In the first two parts of the documentary trilogy, we watched Kanye will himself to the top of the music industry through a steely ambition and musical genius. Then we’re abruptly time portaled to his overzealous push to enter the political sphere—while going through a mental health crisis. This grappling between Kanye’s ceaseless longings for more and his mental health trials define part three of Jeen-Yuhs. Coodie tries to put a neat, present-day bow on the documentary at various points of the 2010s, but his plan falters due to Kanye’s continuous controversies.


‘Jeen-Yuhs’ is a cautionary tale about how fame, wealth, and power can corrupt someone. It asks us if fame is healthy for anyone involved.


“The old Kanye,” a bright-eyed aspirant, is juxtaposed against a modern depiction of an easily agitated superstar, speaking heavily to the needlessness of modern celebrity. In part three, Kanye seems disenchanted with fame, but willing to use the limitless resources he’s afforded by it. The cultural power he’s gained through music and fashion fandom has seemingly ensconced him inside his own reverie, where anything is possible. And, of course, his battle with bi-polar disorder keeps everyone around him (and viewers) wondering his motivations at any given moment. 

Jeen-Yuhs’ fly-on-the-wall format is light on external commentary (sans Coodie’s narration), leaving the scenes to speak for themselves. They collectively reinforce Kanye’s infamous edict: no one man should have all that power. We loved watching Kanye’s relentless drive in the first two parts of Jeen-Yuhs, but it’s difficult not to feel like the wringer of celebrity frayed his perspective in the latter portions of his career. This film trilogy is a cautionary tale about how fame, wealth, and power can corrupt someone. It asks us if fame is healthy for anyone involved. 

Kanye

The third film starts with Coodie realizing he’s on the “outside” of Kanye’s inner circle after a 2006 Grammy after-party. Coodie says he sensed Kanye’s uncomfortability with the camera during his occasional filming, and that reticence is confirmed during a 2008 studio session when Kanye asks him to cut the camera for the first time ever. With that cut to black, the “old Kanye” chapter of Jeen-Yuhs was over. Their next link-up happens six years later, as Coodie awaits Kanye’s arrival at Common’s 2014 AHH! Festival, while noting, “I knew Kanye, but I had never met Yeezy.” 

Coodie’s chronicle of his own life lends new perspective to Kanye’s “Real Friends.” While Kanye pondered, “When was the last time I wasn’t in a hurry?” on the track, and angrily screamed, “Go home to what!?” to a crowd, Coodie had a child, started a family, and got to enjoy time with his father during his 70th birthday (which would be the last time he saw him alive). Coodie and Kanye’s lives are juxtaposed in these scenes, even if unintentionally. During their time apart, Kanye may have been surging to the top of pop culture, becoming the almighty Yeezy, but “Real Friends” expressed a longing for simplicity and unconditional love that Coodie enjoyed during the duration of filming. 
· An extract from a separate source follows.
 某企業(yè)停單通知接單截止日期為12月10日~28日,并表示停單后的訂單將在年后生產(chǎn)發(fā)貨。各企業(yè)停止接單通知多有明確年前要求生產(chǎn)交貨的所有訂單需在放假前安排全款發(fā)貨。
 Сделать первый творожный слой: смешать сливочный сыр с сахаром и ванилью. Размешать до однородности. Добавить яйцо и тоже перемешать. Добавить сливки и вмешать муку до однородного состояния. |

It’s fitting that the Kanye footage resumes in 2016 at a Madison Square Garden event for Yeezy Season 2 and The Life Of Pablo, which “Real Friends” is on. The footage exemplifies how far Kanye had come from being “ignored” at the Roc-A-Fella offices. He was now hosting a sold-out, star-studded event in “the world’s greatest arena.” 
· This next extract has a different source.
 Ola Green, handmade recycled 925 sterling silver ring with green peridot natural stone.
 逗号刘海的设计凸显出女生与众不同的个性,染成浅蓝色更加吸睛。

The two didn’t get to actually speak until June of 2017, though, months after Kanye’s December 2016 mental breakdown. Coodie, Kanye, and Gre’s reunion outside of a nightclub was one of part three’s brightest moments, but the resulting footage that showed Coodie’s decision to restart the documentary was a drastic departure from the first two episodes of Jeen-Yuhs

Coodie expressed concern about his friend’s well-being throughout the first half of the film, and his qualms ended up being justified, as Kanye was candid during a Kids See Ghosts studio session about dealing with Percocet addiction and suicidal ideation, even while being on top of the entertainment world and starting a family. In the next scene, the two speak about where Kanye was mentally before his 2016 breakdown, with the star admitting, “I was confused, I didn’t know where I was going, [I] hit a breaking point,” but promising that he “came out of it thinking clearly.”
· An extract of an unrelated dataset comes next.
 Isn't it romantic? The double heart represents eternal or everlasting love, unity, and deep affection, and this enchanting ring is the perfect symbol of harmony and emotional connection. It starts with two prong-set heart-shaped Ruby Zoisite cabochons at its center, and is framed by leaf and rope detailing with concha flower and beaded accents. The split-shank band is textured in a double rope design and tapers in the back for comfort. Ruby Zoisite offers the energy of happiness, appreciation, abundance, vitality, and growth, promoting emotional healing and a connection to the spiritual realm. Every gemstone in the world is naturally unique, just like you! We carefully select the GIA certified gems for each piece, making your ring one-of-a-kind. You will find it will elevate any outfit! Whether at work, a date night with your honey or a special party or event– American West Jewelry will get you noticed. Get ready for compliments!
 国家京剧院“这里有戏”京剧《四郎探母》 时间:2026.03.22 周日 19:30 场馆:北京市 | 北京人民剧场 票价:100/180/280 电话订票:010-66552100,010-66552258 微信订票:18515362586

That claim becomes a point of contention in the final parts of the film, however. Elsewhere in their car conversation, Kanye proclaims, “I’m not gonna be completely happy and completely satisfied until the world is completely satisfied… because that’s the position that I’ve been put in.” Then he describes a utopia of a world with “no purposeful errors, no killing, no ill-will.” It represents the endgame goal of someone whose determination and self-admitted overconfidence has always spurred success. Satisfying the whole world is a noble goal—but also an impossible one. He had somehow conflated his wealth and influence on pop culture as a sign that he could sway how people live as a whole, which is a statement on how much celebrity idolatry can mislead someone.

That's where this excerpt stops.